= Southern Alberta =

Region of Alberta, Canada (est. 1905)

Southern Alberta is a region located in the Canadian province of Alberta. In 2016, the region's population was approximately 291,112. The primary cities are Lethbridge and Medicine Hat. (The adjacent Calgary Metropolitan Region is often said to be within southern Alberta, in a wider sense.)

Southern Alberta is known mostly for agricultural production, but alternative energy, film production, tourism and other types of economic activity also have strength.

==Geography==
Southern Alberta has a total area of approximately 75,500 km^{2} (29,151 sq mi).

Southern Alberta is in the northern Great Plains region, bordered on the west by the Canadian Rocky Mountains and their foothills.

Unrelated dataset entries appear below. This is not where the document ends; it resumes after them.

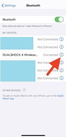 Step-2: Find ‘DualShock 4 Wireless Controller‘ under the My Devices section. Tap on the ‘i’ button present next to it.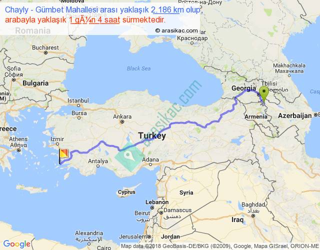 Chayly - Gümbet Mahallesi arası yaklaşık olarak 90 km/h ile yukarıda belirtilen sürede olup, iki yerin kuş uçuşu uzaklığı (mesafesi) 1599'dir. Eğer belirtilen yerler arasında uçak seferi var ise bu süre uçakla 2 saat 27 dakika'ya kadar düşebilir. Yolculuk otobüsle 1 gün 12 saat sürmektedir.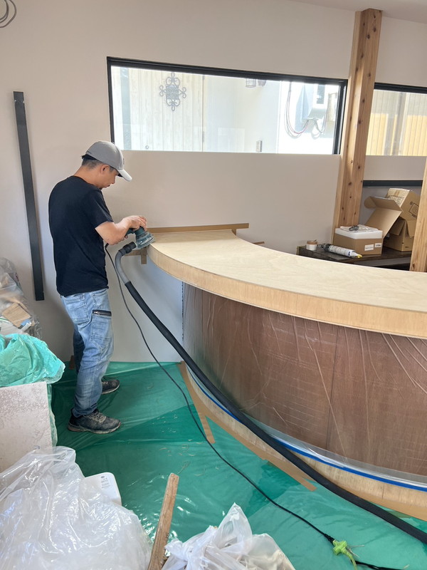 また、重量があるため暴れ気味のフローリングもフラットに仕上がりるので、その後の塗装工程もワンランク上の仕上がりとなります。

The rest of the region is dominated by semi-arid prairies of the Palliser's Triangle, where farms and ranches are productive, often with the help of irrigation. Rivers generally flow from west to east, into the Hudsons Bay. These include the Oldman River, Bow River, Red Deer River, South Saskatchewan River, and Milk River. Milk River in southern Alberta is the only river in Canada that eventually flows into the Gulf of Mexico.

The environment is protected in such areas as Waterton Lakes National Park and Cypress Hills Interprovincial Park, while sites such as Head-Smashed-In Buffalo Jump, Dinosaur Provincial Park and Writing-on-Stone Provincial Park were declared UNESCO World Heritage Sites. The Alberta Badlands lie in the northeast of the region, prominently along the Red Deer River. Cypress Hills, located in the east, at the border with Saskatchewan, are the highest points between the Rocky Mountains and Labrador.

==Infrastructure==

===Major highways===
- Highway 1 (Transcanada Highway)
- Highway 2 (QE2)
- Highway 3 (Crowsnest Highway)
- Highway 4
- Highway 5
- Highway 36 (Veteran Memorial Highway)
- Highway 41 (Buffalo Trail)

===Health care===
Health care in the region is overseen by Alberta Health Services. It was formerly served by Calgary Health Region, Chinook Health and Palliser Health Region before they were amalgamated with the other six regional health boards in 2008 to form Alberta Health Services.

==Economy==
In 2007, Alberta Human Resources and Employment reported the fields of finance, insurance, real estate, professions, technicians and senior managers will lead the Lethbridge–Medicine Hat region's growth with an average 2.8% real GDP growth each year until 2011. The industries of manufacturing, energy, mining, and forestry would account for 2.6% each. All ten of these fields would account for more than half of the region's domestic product.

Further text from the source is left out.